Well, the funding tap has kind of dried up for D2C brands. In the first 8 months of this year, D2C startups have seen an 82% fall in funding compared to the same period last year. The growth capital has gone missing. And if companies are burning a lot of cash, they may end up on the chopping block soon. And Dabur, with its war chest, could be waiting to pick up the pieces at a much lower valuation. We’ll have to see if it pans out this way.
And since Dabur’s already a rural distribution giant, it could tke the D2C brand to all parts of the country though offline channels. It could be quite a revenue boost.
The other thing is that Dabur’s trying to tap into the digital-first nature of the younger generation. As per The Ken, Dabur has been launching new products exclusively on its e-commerce channel with brand new packaging. Packaging that appeals to say Gen-Z.
And maybe this is working already. Dabur says that 9% of the business comes from its e-commerce channel already and claims it’s the best in the industry. Now we do have to say this might be just one of those hot air claims because Emkay Research’s report reveals that rival ITC earns 10% and Marico gets 11% of revenue from e-commerce to.
But at least, Dabur is showing intent.
Then there’s the matter of premiumisation.
See, the gross margins for Dabur has been a bit of a concern lately. It hit a high of 52% in FY15 and it’s been on downward trajectory since then. In FY23, it was just 45%. Now think of gross margin as the percentage difference between the revenue earned by the company over the cost of the products it is selling. If the company faces higher raw material cost due to inflation but can’t charge higher prices from customers, it starts to pinch. And that’s the position Dabur is in right now.
So why isn’t Dabur able to raise prices then, you ask?
One theory is the dependence on its rural segment which contributes a bug chunk of its revenues. And let’s just say that this part of the economy has been going through some weakness.
But hold on…despite this, Dabur’s EBITDA (earnings before interest, tax, depreciation, amortisation) margins remain robust. How’s that possible?
Well, it looks like Dabur’s been aggressively cutting costs to keep its profitability margins intact. And that cost cutting is primarily happening in its advertising efforts — this has fallen from 14% of revenue to a mere 6% in the past decade. On the other hand, its rivals have picked up pace in their advertising.

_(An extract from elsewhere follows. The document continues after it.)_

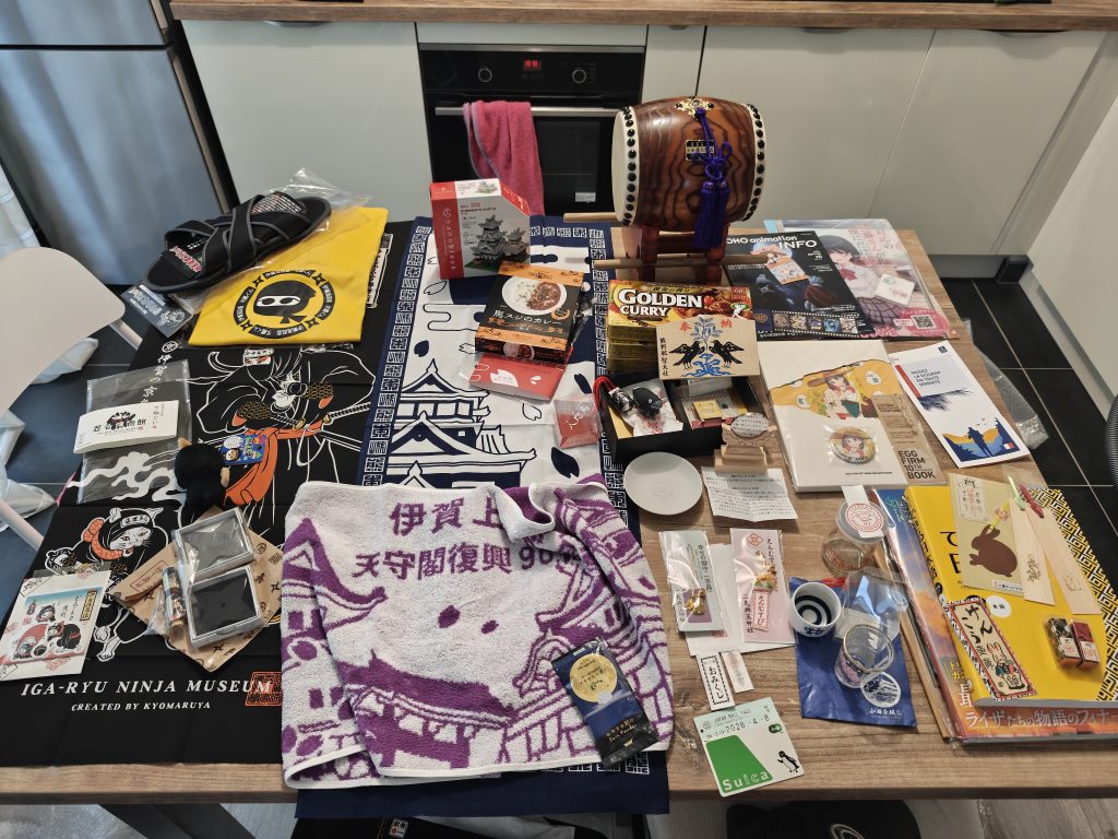 De gauche à droite : souvenirs de Iga orientés ninja (tshirt, tongs, shurikens, stickers, tenugui, serviette), souvenirs de Kumamoto (tenugui, nanoblock, curry au cheval), taiko de Hamamatsu, curry jap, souvenirs de Nachi (clochette, assiette, plaque ema, statuette du corbeau), souvenirs de Ise et Meotoiwa (miroir, amulettes pendentifs), omikuji de Kusatsu, goodies divers de Anime Japan 2026 (pochette plastique, livre des 10 ans de Egg Firm), dépliant de la douane française, pot de pudding de Kusatsu, tasse de dégustation de saké Kikusui Garden, verre à shot de Odawara, livres divers, marque pages et tampons de Ise.

So Dabur can’t keep relying on this strategy forever. It needs to find a way to sell higher priced products. And that’s where premiumisation comes in. The simplest example is in the form of Odomos. Earlier this mosquito repellant was sold only as a cream, but then Dabur premiumised it with a spray, a roll-on and even extended it to liquid vaporisers through its e-commerce channel.

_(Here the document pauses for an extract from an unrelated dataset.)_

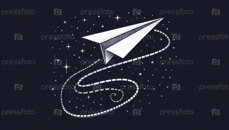 Бумажный самолет в полете чернила рисование художественного рисунка печать на черном, Ai generated image

At the moment, these premium products make up less than 10% of its portfolio, and Dabur’s pretty keen to improve on this figure.
So yeah, put all this together and Dabur seems to believe that it has unlocked the holy grail to growth. And over the next 5 years, it has quite an ambitious target — grow the home & personal care, healthcare, and food & beverage business by 14% annually.
But remember, Dabur’s only grown sales by 8% annually in the past 5 years. So it’s not going to be easy. Now we’ll just have to wait and see if Dabur can really rewrite its script as an FMCG company or whether it’ll find that its ‘boring’ brand image isn’t that easy to shake off.